Missing Top of Ramesses II Monument Found After 96 Years — Traces of Original Pigment Intact
Experts Find Missing Piece of Ramesses II StatueAtlantide Phototravel - Getty Images

The missing upper half of a monumental statue of Ramesses II — first known only by a lower fragment discovered in 1930 — was recovered in March 2024. The newly found head and torso measure about 12.5 feet and depict the pharaoh with a cobra-topped headdress. Conservators report traces of original blue-and-yellow pigment, and a proposal has been submitted to reunite the two fragments at El Ashmunein for display.

Archaeologists have recovered the long-lost upper half of a monumental statue of Ramesses II nearly a century after its lower portion was unearthed.

In 1930 German archaeologist Günther Roeder discovered the statue’s lower half about 150 miles (roughly 240 km) south of Cairo in Egypt’s Minya Governorate, near the modern city of El Ashmunein. In antiquity the site was known as Khemnu and later became the Roman-era Hermopolis Magna. Roeder estimated the complete statue would have stood around 23 feet (7 metres) tall.

In March 2024, a joint Egyptian and U.S. archaeological team announced they had located the missing upper fragment. Officials from the Egyptian Ministry of Tourism and Antiquities told Reuters the head and upper torso measure approximately 12.5 feet (3.8 metres) and portray Ramesses II wearing the royal headdress topped by a cobra (uraeus).

When the fragment was first exposed in January 2024 it lay face down and its survival was uncertain. Rising groundwater in the Hermopolis area since construction of the Aswan Low Dam has put many exposed antiquities at risk by raising the water table and accelerating stone decay.

"One problem with Hermopolis is that it’s close to the Nile. After [the building of] the Aswan Low Dam, the water table became a huge issue. There was no guarantee that the stone would be OK," said Yvona Trnka-Amrhein, assistant professor of classics at the University of Colorado Boulder and co-leader of the excavation team.

Further excavation revealed the upper half to be remarkably well preserved rather than degraded rock.
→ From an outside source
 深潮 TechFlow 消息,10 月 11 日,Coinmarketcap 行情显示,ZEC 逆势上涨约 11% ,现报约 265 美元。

Conservators detected remnants of blue-and-yellow pigment on the surface; future pigment analysis should help researchers reconstruct the statue’s original colors and the techniques used by ancient sculptors.
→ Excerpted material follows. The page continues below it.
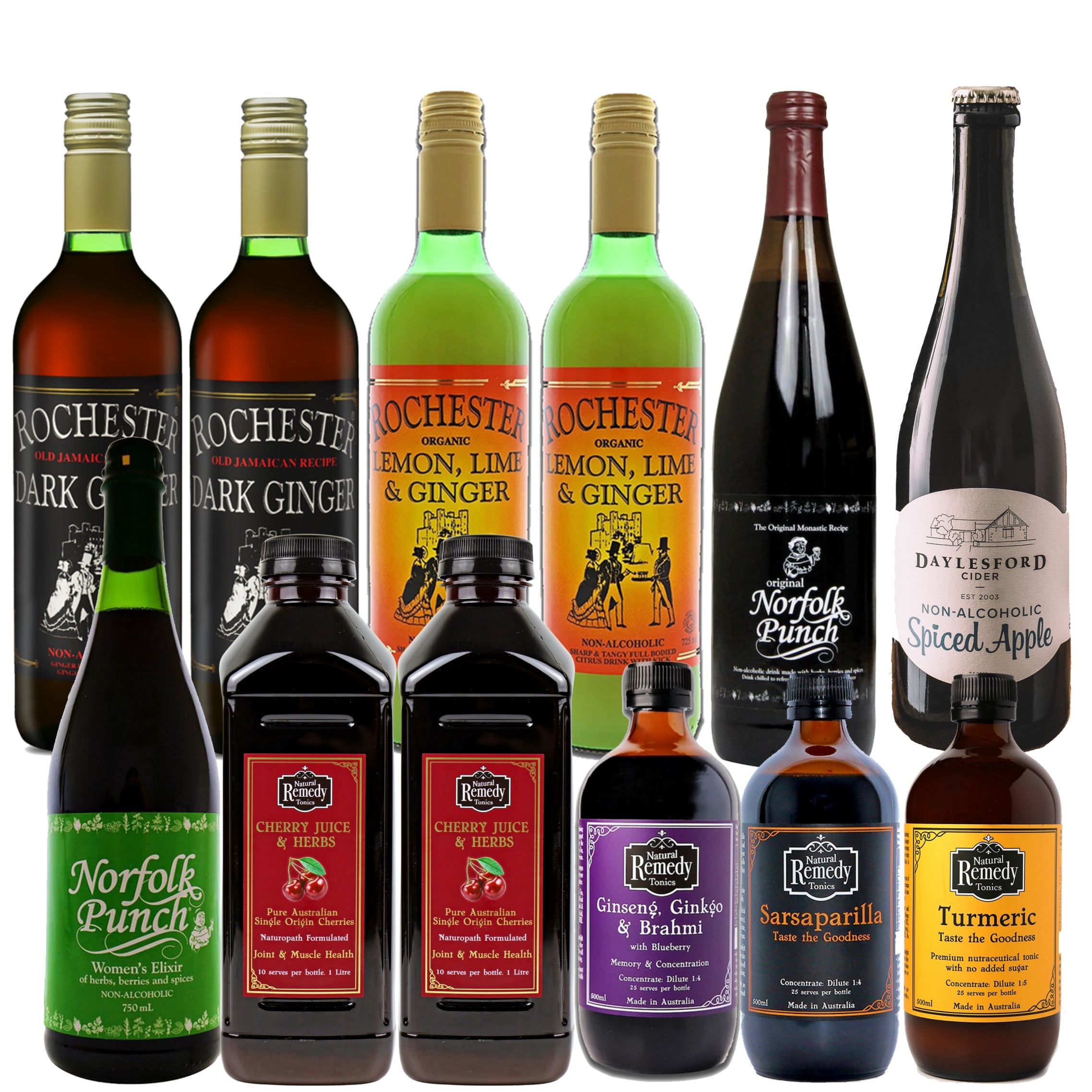 Our Bit of everything pack is perfect when you can't decide what you would like to order! With a combination of the entire range of Rochester Ginger and Natural Remedy Tonics you'll have no trouble deciding which is your favourite. The bit of everything pack includes:

The find was not the result of a targeted search for Roeder’s missing piece, which made its recovery a welcome surprise. Egyptian co-leader Basem Gehad has already submitted a proposal to reunite the newly recovered upper fragment with Roeder’s lower portion, which remains in place at El Ashmunein. Team leaders expressed confidence the reunification plan will be approved, allowing the two sections to be displayed together for the first time in 96 years.

Significance: The discovery not only restores a near-complete portrait of one of Egypt’s most famous pharaohs, Ramesses II, but also preserves rare traces of original painted decoration that can shed light on ancient artistic practice and monument presentation.